• [DATA IN THIS EXERCISE]

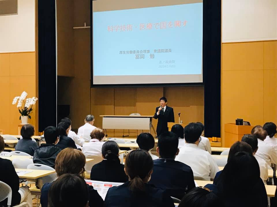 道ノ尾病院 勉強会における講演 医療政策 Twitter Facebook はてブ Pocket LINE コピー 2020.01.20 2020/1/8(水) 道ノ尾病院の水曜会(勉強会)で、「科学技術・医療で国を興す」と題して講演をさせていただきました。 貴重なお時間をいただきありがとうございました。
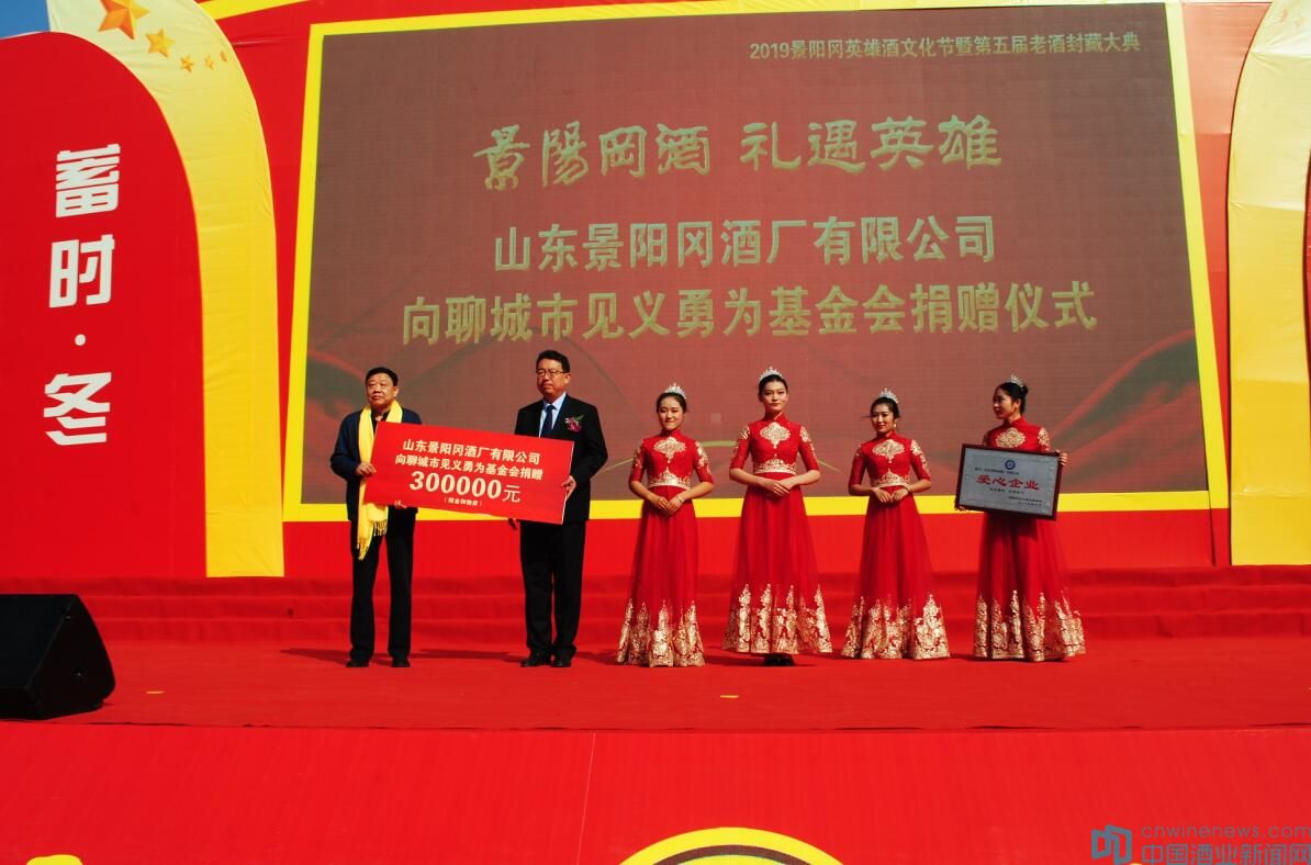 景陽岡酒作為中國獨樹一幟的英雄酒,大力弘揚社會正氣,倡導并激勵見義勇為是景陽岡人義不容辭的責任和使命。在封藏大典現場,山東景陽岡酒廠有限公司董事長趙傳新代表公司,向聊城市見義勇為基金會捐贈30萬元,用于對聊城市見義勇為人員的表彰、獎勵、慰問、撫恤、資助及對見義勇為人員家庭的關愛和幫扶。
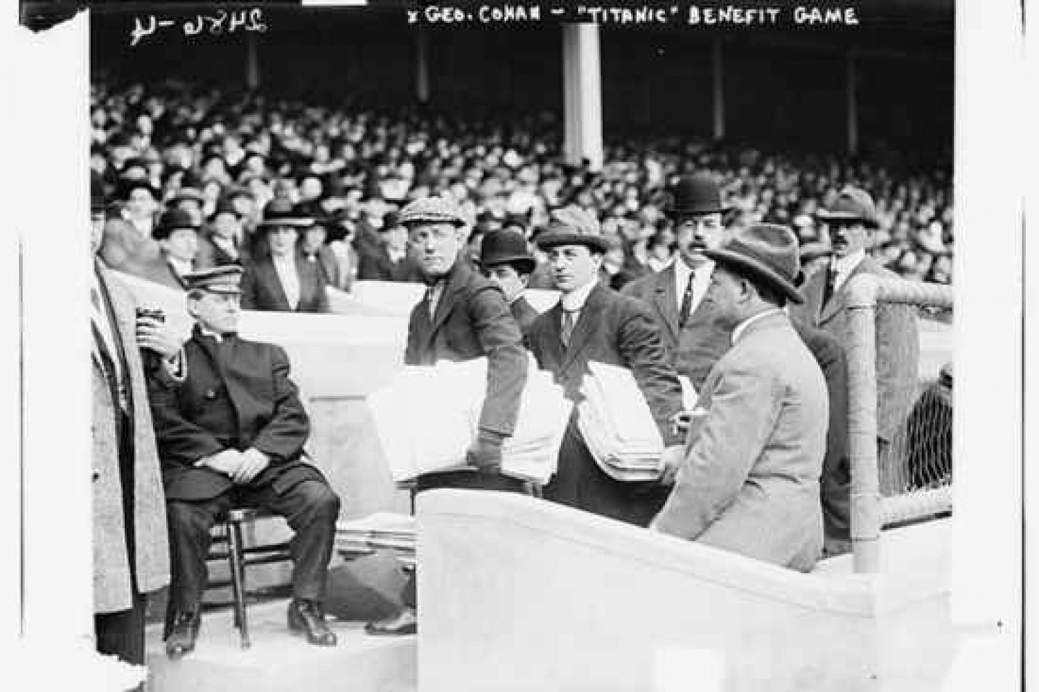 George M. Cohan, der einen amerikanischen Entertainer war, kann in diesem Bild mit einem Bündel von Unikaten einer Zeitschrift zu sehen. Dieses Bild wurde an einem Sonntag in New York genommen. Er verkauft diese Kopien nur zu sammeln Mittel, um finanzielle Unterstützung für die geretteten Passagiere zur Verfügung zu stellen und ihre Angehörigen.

--

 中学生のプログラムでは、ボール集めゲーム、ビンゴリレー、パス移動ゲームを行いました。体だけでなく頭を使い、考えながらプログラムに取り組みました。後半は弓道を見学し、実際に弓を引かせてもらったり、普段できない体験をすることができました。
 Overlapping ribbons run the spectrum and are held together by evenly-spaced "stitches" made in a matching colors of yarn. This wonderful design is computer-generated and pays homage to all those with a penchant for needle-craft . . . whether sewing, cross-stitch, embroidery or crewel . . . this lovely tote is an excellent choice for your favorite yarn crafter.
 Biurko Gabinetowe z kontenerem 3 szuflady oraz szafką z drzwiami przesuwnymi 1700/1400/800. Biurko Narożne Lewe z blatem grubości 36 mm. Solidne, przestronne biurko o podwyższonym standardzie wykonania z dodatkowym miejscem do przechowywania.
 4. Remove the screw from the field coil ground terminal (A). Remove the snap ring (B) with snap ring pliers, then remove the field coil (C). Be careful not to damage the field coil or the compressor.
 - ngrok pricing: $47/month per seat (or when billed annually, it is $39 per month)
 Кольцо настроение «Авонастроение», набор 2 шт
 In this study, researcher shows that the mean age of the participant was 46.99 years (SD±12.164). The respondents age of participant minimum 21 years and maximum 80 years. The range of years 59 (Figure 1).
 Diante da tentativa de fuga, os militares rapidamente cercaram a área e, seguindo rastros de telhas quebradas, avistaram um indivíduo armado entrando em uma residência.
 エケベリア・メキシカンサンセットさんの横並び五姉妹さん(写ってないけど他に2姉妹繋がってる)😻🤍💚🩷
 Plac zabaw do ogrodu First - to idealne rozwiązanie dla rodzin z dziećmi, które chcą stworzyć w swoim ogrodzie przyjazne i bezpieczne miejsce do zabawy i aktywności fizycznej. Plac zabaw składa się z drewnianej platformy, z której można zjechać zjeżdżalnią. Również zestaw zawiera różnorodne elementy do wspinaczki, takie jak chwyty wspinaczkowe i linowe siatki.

• [WHAT IS BEING ASKED] Take from the material above the lines running from the one with "Diante da tentativa" through the one with "エケベリア・メキシカンサンセ", and repeat them exactly, with nothing else.

• [EXERCISE SOLUTION]
 Diante da tentativa de fuga, os militares rapidamente cercaram a área e, seguindo rastros de telhas quebradas, avistaram um indivíduo armado entrando em uma residência.
 エケベリア・メキシカンサンセットさんの横並び五姉妹さん(写ってないけど他に2姉妹繋がってる)😻🤍💚🩷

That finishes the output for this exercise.